**The problem:** Could you retype only the lines from the one containing "INOVOVANÝ MODEL ŘEZAČKY" through the final line of the entries, both included, skipping any images?

**Material shown:**
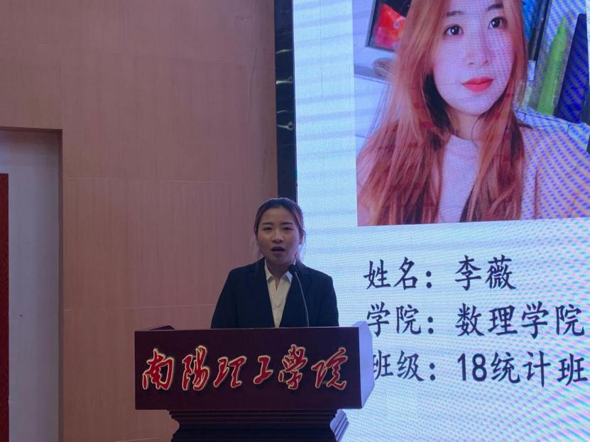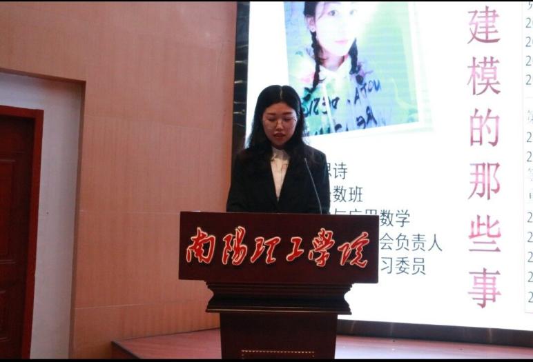 学科竞赛代表蔡思诗同学从自己第一次参加数学建模开始分享了多次参加竞赛的经验,并表示,参加比赛能够让人变得更加自信,能够更好的巩固和检验自身专业知识,对待结果我们抱有平和而乐观的心态,过程比结果更重要。最后,她鼓励同学们要积极参加数学建模等学科竞赛,锻炼实践能力,为自己的大学生活添姿加彩。
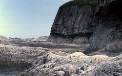 В строении острова принимали участие вулканические породы (андезиты, базальты), вулканические пеплы, а также осадочные отложения (сланцы, пески, галечники, ракушечники и т. п.). Большое распространение имеют вулканические туфы, которые состоят из скопления округлых вулканических бомб или угловатых обломков горных пород, сцементированных пеплом[30]. При выветривании бомбовых туфов они распадаются на округлые валуны различного диаметра. Следы выветривания можно наблюдать на побережье острова. Особенно интересные выветривания столбчатой отдельности излившихся пород имеются в памятнике природы на юге острова близ пос. Третьяково (мыс Столбчатый).
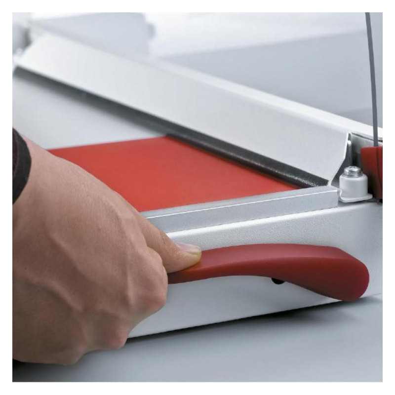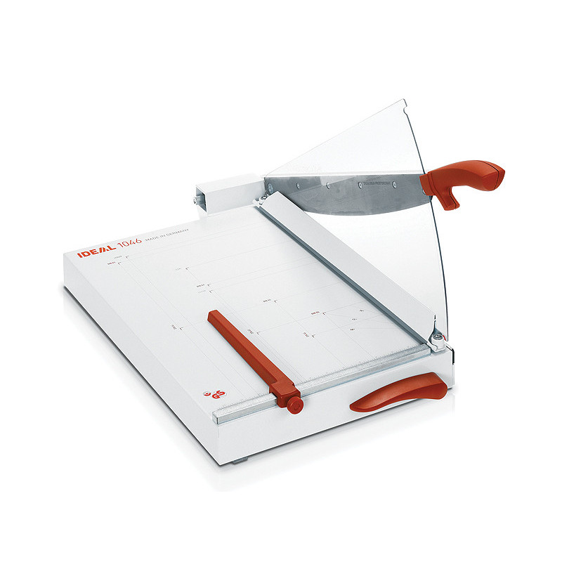 INOVOVANÝ MODEL ŘEZAČKY (PŮVODNÍ MODE Ideal 1043) S AUTOMATICKÝM PŘÍTLAKEM STOHU. Délka řezu 460 mm Automatický přítlak pro precizní, komfortní řezání EASY LIFT - páka k nadzvednutí přítlaku pro pohodlné odebrání řezaného materiálu Stabilní celokovová konstrukce, velký pracovní stůl Vysoce kvalitní nůž Solingen, který je možné dobrousit Obzvláště stabilní upevnění nože Transparentní kryt nože s integrovaným vyznačením řezu Precizní boční doraz, zadní dorazStupnice v mm/inch (palce) DIN formáty velikosti A3 – A6 a další vyznačené na pracovním stole Gumové nožky Atraktivní a funkční design
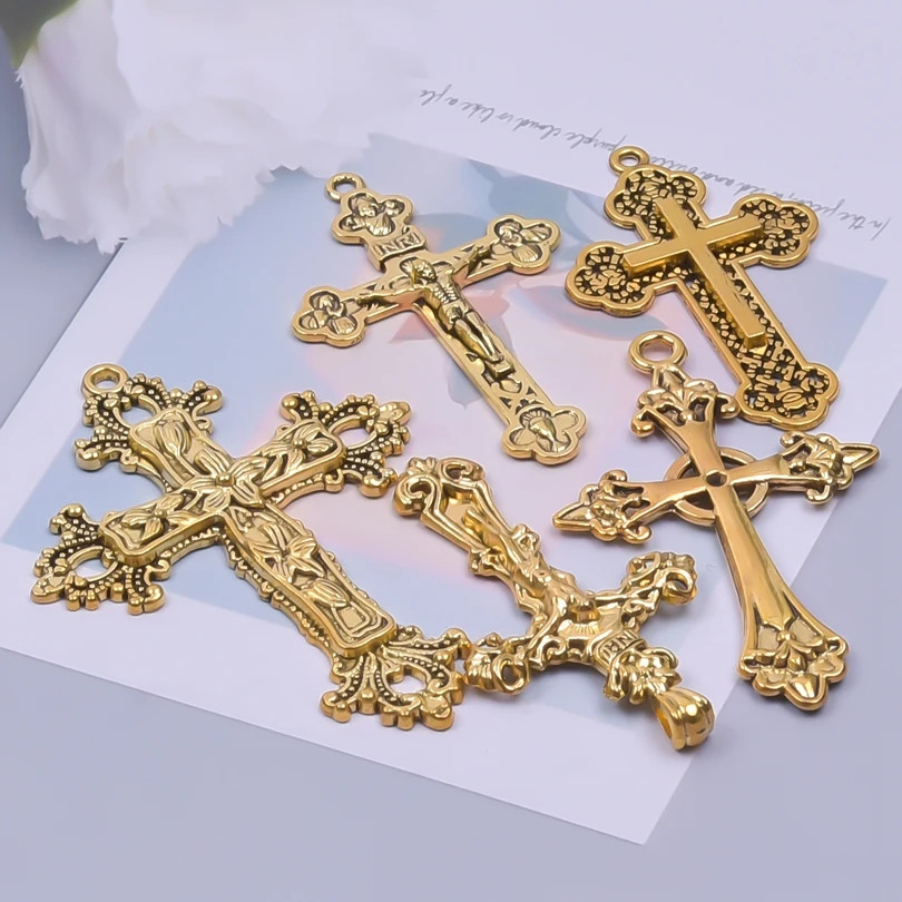 Home5pcs/lot Religion Crosses Alloy Charm Mix Gold Color Crucifix Pendant Accessorie
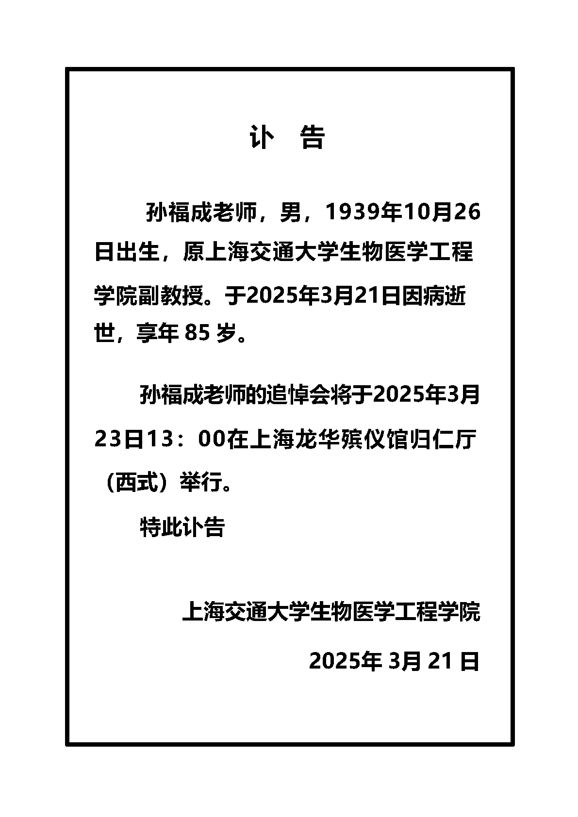 孙福成,男,汉族,1939年10月生,江苏常州人。原漫画同人 生命科学技术学院生物医学工程系副教授。1999年10月退休。

**Task answer:**
 INOVOVANÝ MODEL ŘEZAČKY (PŮVODNÍ MODE Ideal 1043) S AUTOMATICKÝM PŘÍTLAKEM STOHU. Délka řezu 460 mm Automatický přítlak pro precizní, komfortní řezání EASY LIFT - páka k nadzvednutí přítlaku pro pohodlné odebrání řezaného materiálu Stabilní celokovová konstrukce, velký pracovní stůl Vysoce kvalitní nůž Solingen, který je možné dobrousit Obzvláště stabilní upevnění nože Transparentní kryt nože s integrovaným vyznačením řezu Precizní boční doraz, zadní dorazStupnice v mm/inch (palce) DIN formáty velikosti A3 – A6 a další vyznačené na pracovním stole Gumové nožky Atraktivní a funkční design
 Home5pcs/lot Religion Crosses Alloy Charm Mix Gold Color Crucifix Pendant Accessorie
 孙福成,男,汉族,1939年10月生,江苏常州人。原漫画同人 生命科学技术学院生物医学工程系副教授。1999年10月退休。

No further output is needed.